Alomari, Sheppard-Law, Lewis, & Wilson. (2020). Effectiveness of Clinical Nurses' Interventions in reducing medication errors in a pediatric ward. Journal of Clinical Nursing, 29(17-18), 3403. http://doi-org.library.capella.edu/10.1111/jocn.15374
The purpose of this article was to implement a bundle of interventions that were developed by clinical nurses, rather than managerial, to determine if those interventions could reduce the number of medication administration errors. Many hospitals fail to use clinical nurses when implementing new practices to help reduce medical errors. In this study, nurses who were working the floor were able to provide feedback on what they thought would help reduce the number of medication administration errors and implement those practices over a set amount of time. In that time, medication administration errors were reduced by 56.9% even though the number of patients and the number of medications administered had increased. Through the collaboration of real-world experience, clinical nurses were able to implement interventions that were effective in reducing medication administration errors, a practice that should be utilized among many hospitals and healthcare settings. This article is relevant to medication errors as it addresses the issue of medication errors and works to correct those errors in a way that involves the nursing staff, rather than just administration.
Kavanagh, & Donnelly. (2020). A lean approach to improve medication administration safety by reducing distractions and interruptions. Journal of Nursing Care Quality, 35(4), E58–E62. DOI: 10.1097/NCQ.0000000000000473
This article sets out to determine how reducing distractions and interruptions can improve patient safety and reduce medication errors. This study is based on an inpatient psychiatric facility that faces many distractions during popular medication administration times such as patient and family distractions, phone calls, unrelated conversations, physicians, and alarms.

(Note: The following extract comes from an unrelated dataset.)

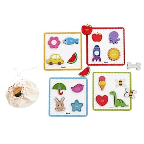 - Brinquedo de madeira Toque e Encontre, da BaBeBi - Cód. 6041. - Coloque a mão no saquinho, tateie uma peça sem olhar e tente adivinhar qual é, nos tabuleiros. - Indicado para crianças a partir de 3 anos. - Cada tabuleiro mede 18 x 18 cm. - Contém 4 tabuleiros, 17 peças e 1 sacolinha. - Feito de madeira de Reflorestamento e Certificada. - Possui o Selo Abrinq e o Selo de Segurança do Brinquedo do InMetro: CE-BRI/SARON-N 00135-19 Ean: 7898102626418

A plan was put in place to reduce these distractions and give the nurses a quiet, distraction free area to prepare medications. By doing so, nurses were able to complete their five rights of drug administration making for safer medication administration. This article is included to show how knowing what distractions affect our concentration and working to reduce those distractions can help in improving patient and care and decreasing medication errors.
Mula, & Chimwemwe. (2019). The examination of nurses' adherence to the 'five rights' of antibiotic administration and factors influencing their practices: A mixed methods case study at a tertiary hospital, Malawi. Malawi Medical Journal, 31(2). https://doi.org/library.capella.edu/login?qurl=https%3A%2F%2Fwww.proquest.com%2Fscholarly-journals%2Fexamination-nurses-adherence-five-rights%2Fdocview%2F2543473628%2Fse-2
Nurses' use the five rights of drug administration as a standard to give patient's medications to try and reduce medication errors. Those five rights are right patient, right drug, right dose, right dose, and right route. These rights are not a fail safe however, and even if used on every patient, medication errors can occur. This article followed nurses and their patients, determined what errors were made and what those errors were. They were then referenced against the five rights of drug administration to determine if it was used and if it could have prevented the medication error. This is an important resource for preventing medication errors as the five rights of drug administration is still the standard and should be used in every day practice.